START Material shown

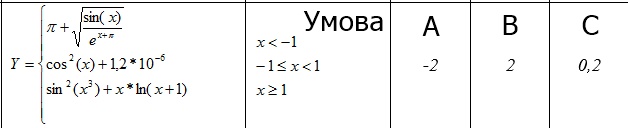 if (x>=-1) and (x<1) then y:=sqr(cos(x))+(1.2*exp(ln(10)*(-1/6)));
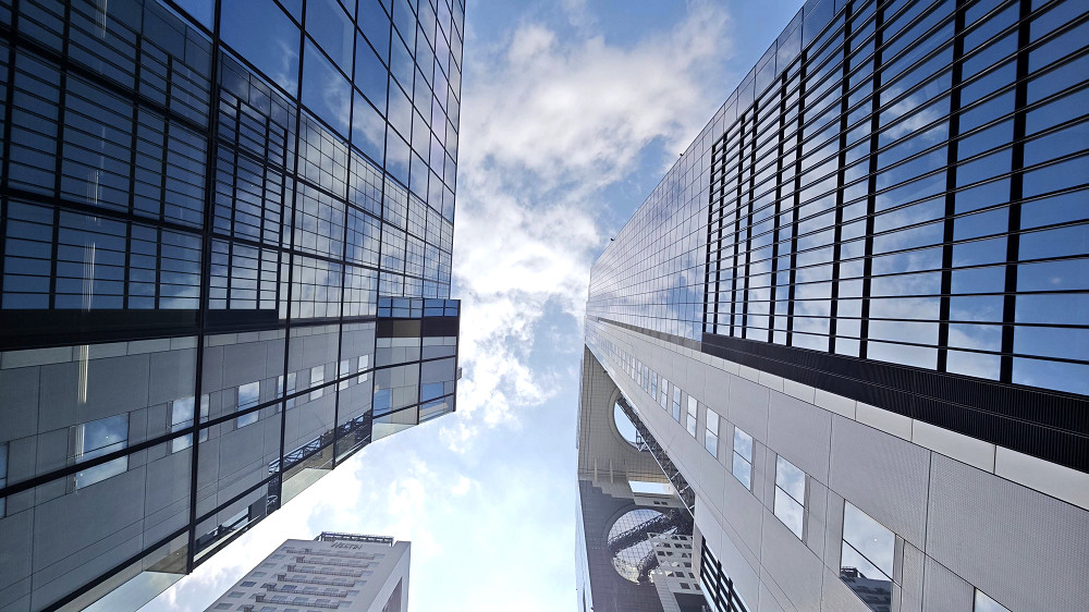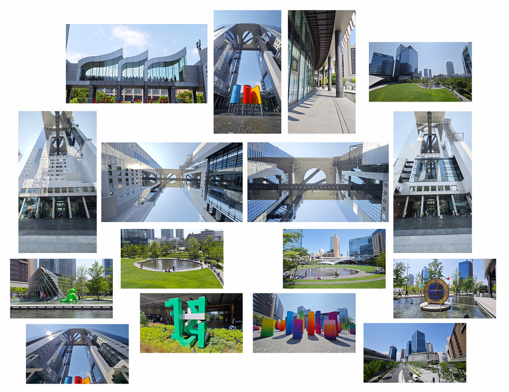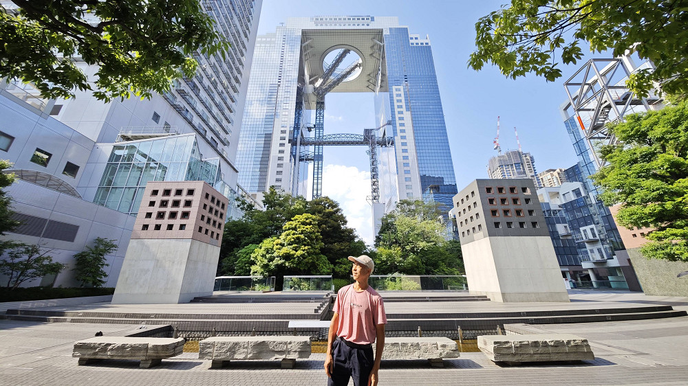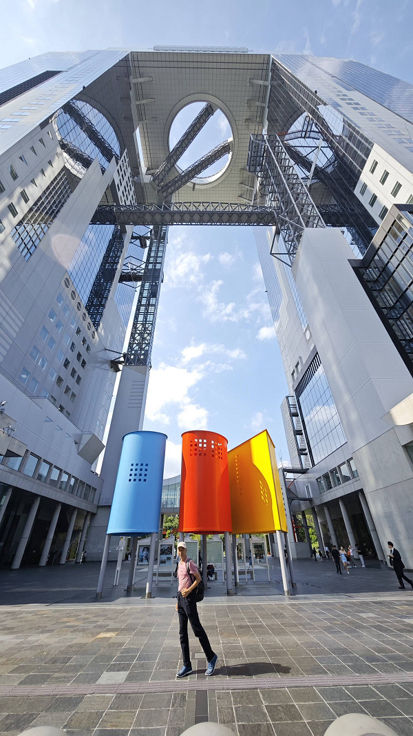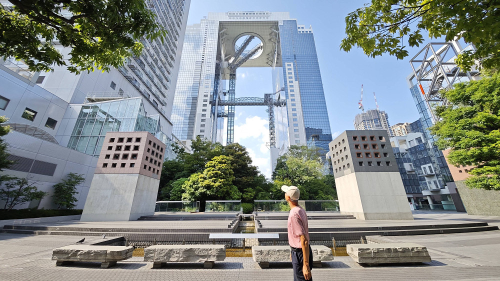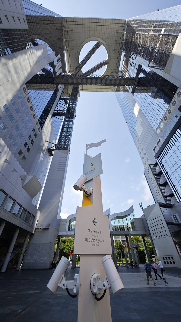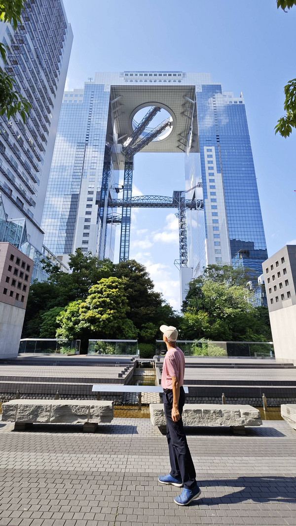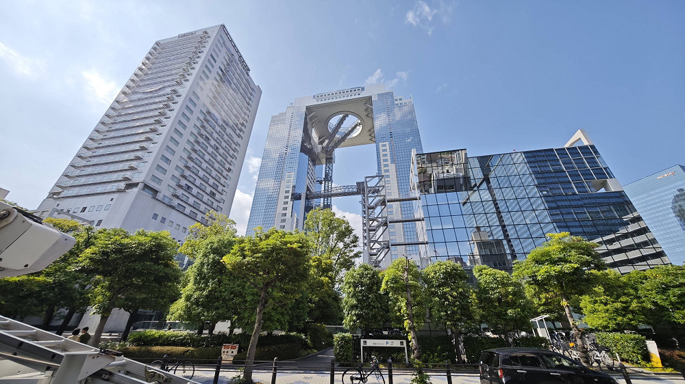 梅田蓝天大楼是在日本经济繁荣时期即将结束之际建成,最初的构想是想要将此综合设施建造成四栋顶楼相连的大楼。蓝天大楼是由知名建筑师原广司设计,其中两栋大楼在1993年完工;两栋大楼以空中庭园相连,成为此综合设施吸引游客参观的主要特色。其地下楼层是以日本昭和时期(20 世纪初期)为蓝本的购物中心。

END Material shown
START Material shown

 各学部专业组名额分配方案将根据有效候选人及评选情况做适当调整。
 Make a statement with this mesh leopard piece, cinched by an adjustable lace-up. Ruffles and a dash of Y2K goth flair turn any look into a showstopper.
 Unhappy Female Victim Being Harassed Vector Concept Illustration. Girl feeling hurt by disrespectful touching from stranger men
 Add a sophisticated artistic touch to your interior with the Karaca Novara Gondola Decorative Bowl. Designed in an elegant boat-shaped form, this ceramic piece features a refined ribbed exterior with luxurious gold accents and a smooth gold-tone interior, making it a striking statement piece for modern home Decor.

END Material shown

» The task
All pictures are to be skipped. Output, word for word, the lines in the data above starting at the line containing "if (x>=-1) and" and ending at the line containing "梅田蓝天大楼是在日本经济繁荣".

» Result
 if (x>=-1) and (x<1) then y:=sqr(cos(x))+(1.2*exp(ln(10)*(-1/6)));
 梅田蓝天大楼是在日本经济繁荣时期即将结束之际建成,最初的构想是想要将此综合设施建造成四栋顶楼相连的大楼。蓝天大楼是由知名建筑师原广司设计,其中两栋大楼在1993年完工;两栋大楼以空中庭园相连,成为此综合设施吸引游客参观的主要特色。其地下楼层是以日本昭和时期(20 世纪初期)为蓝本的购物中心。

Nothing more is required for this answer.